-- Given data follows --

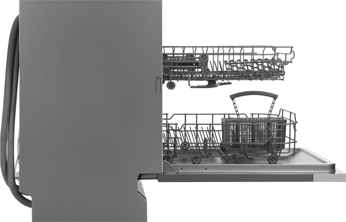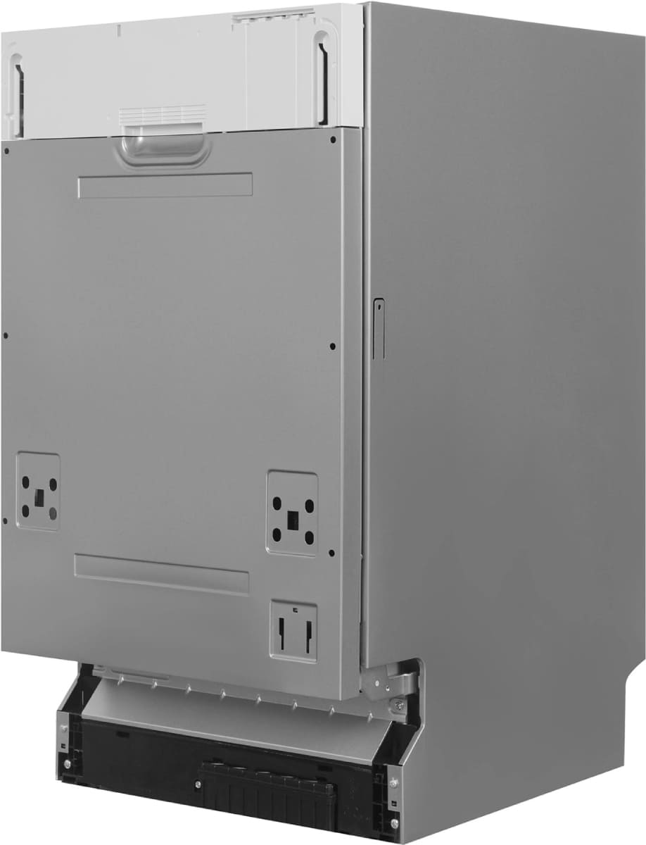 Встраиваемая модель Хендай отлично впишется в любой интерьер, главное — правильно выбрать место, чтобы подвести коммуникации. Устанавливается в нишу целиком, полностью закрывается декоративной панелью. Обратите внимание: в комплекте не идет фасад, его необходимо установить самостоятельно. Имеет уменьшенную ширину — благодаря этому поместится даже на очень маленькой кухне. В камеру можно загрузить ограниченное число комплектов: 9 шт. Комплектом считается набор посуды на одного человека, который нужен для полноценного приема пищи: глубокая и плоская тарелки, тарелка для салата, блюдце под чашку, сама чашка, ложка и вилка.
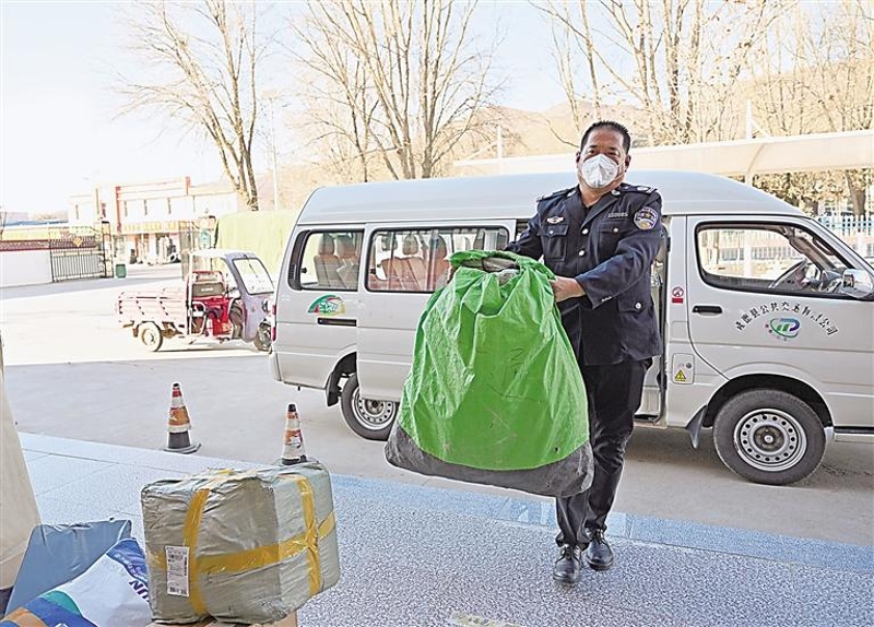 11月29日,一辆载着快递的微公交来到隆德联财镇客货邮商旅综合便民服务点,工作人员将一大包快递件转交给便民服务点。今年,隆德县依托城乡客运一体化,探索采用“客货邮商旅”融合发展模式,在建制村通公交的基础上,加强客运企业同中国邮政、顺丰等企业的合作,推进客运、物流、快递、供销、电商、乡村旅游等融合发展,让农民幸福生活步入快车道。 记者 左鸣远 赵磊 见习记者 杨嘉琪 摄
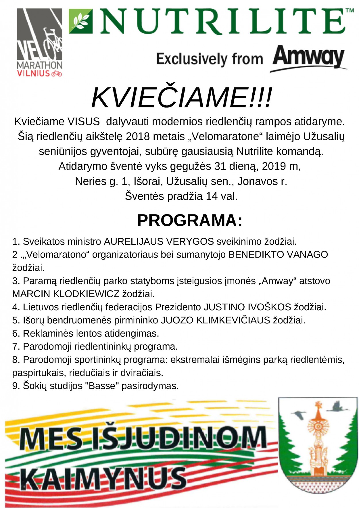 „Atvykite pas mus į svečius ir pamatysite, kad čia gyvena patys nuostabiausi, atkakliausi, energingiausi žmonės, kurie subūrė kaimynus į didžiausią komandą ir Velomaratone Vilniuje 2018 m. laimėjo riedlenčių parką, kuriame išbandyti savo galimybes galite ir jūs!

-- Given data concluded --

**Work order:** With the pictures removed, return the full listing exactly as given.

**Worked solution:**
 Встраиваемая модель Хендай отлично впишется в любой интерьер, главное — правильно выбрать место, чтобы подвести коммуникации. Устанавливается в нишу целиком, полностью закрывается декоративной панелью. Обратите внимание: в комплекте не идет фасад, его необходимо установить самостоятельно. Имеет уменьшенную ширину — благодаря этому поместится даже на очень маленькой кухне. В камеру можно загрузить ограниченное число комплектов: 9 шт. Комплектом считается набор посуды на одного человека, который нужен для полноценного приема пищи: глубокая и плоская тарелки, тарелка для салата, блюдце под чашку, сама чашка, ложка и вилка.
 11月29日,一辆载着快递的微公交来到隆德联财镇客货邮商旅综合便民服务点,工作人员将一大包快递件转交给便民服务点。今年,隆德县依托城乡客运一体化,探索采用“客货邮商旅”融合发展模式,在建制村通公交的基础上,加强客运企业同中国邮政、顺丰等企业的合作,推进客运、物流、快递、供销、电商、乡村旅游等融合发展,让农民幸福生活步入快车道。 记者 左鸣远 赵磊 见习记者 杨嘉琪 摄
 „Atvykite pas mus į svečius ir pamatysite, kad čia gyvena patys nuostabiausi, atkakliausi, energingiausi žmonės, kurie subūrė kaimynus į didžiausią komandą ir Velomaratone Vilniuje 2018 m. laimėjo riedlenčių parką, kuriame išbandyti savo galimybes galite ir jūs!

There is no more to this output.